The `examples_generator` function yields single datapoints in unprocessed formats compatible with the corresponding feature:

In this case the unprocessed data for the 'structure' column is passed as a python dictionary containing a single key 'path' whose value is the path to a PDB file. Refer to the documentation of individual Feature types for more information on supported input formats. (Under the hood these will be encoded via feature.encode_example).
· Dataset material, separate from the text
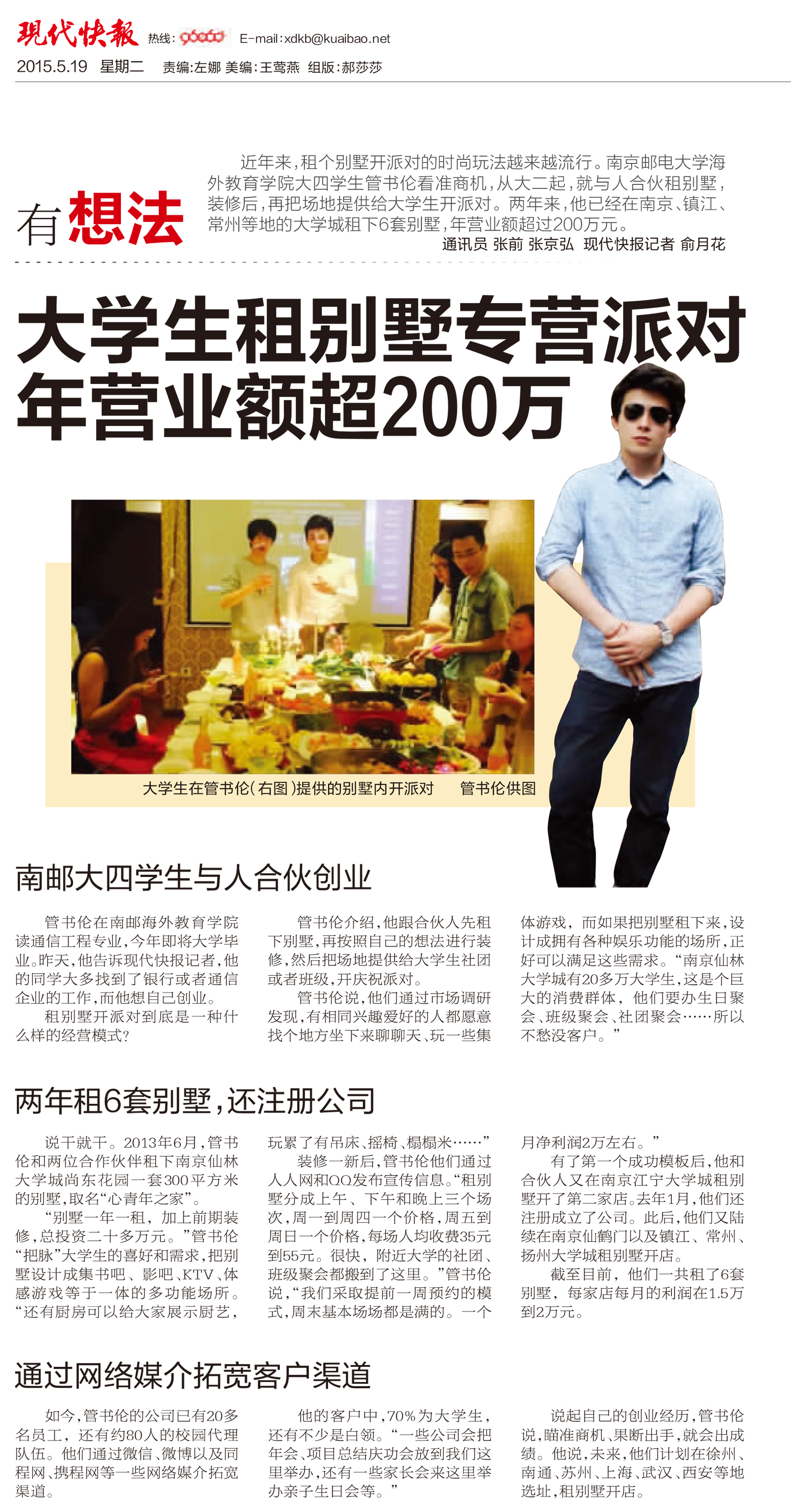 【現(xiàn)代快報】大學生租別墅專營派對年營業(yè)額超200萬

### Performance tips: choose Feature types to trade off between efficiency of storage and loading

`bio_datasets.StructureFeature` feature data is stored internally
as PDB format byte-strings (optionally compressed with foldcomp or gzip). bio_datasets automatically handles conversion from this format to the
biotite AtomArray format for downstream processing.
Of course, parsing the PDB format to biotite format involves some overhead (though it's
still possible to iterate over ~100 pdb files a second; and we'll automatically load files
using [fastpdb](https://github.com/biotite-dev/fastpdb) if you have it installed)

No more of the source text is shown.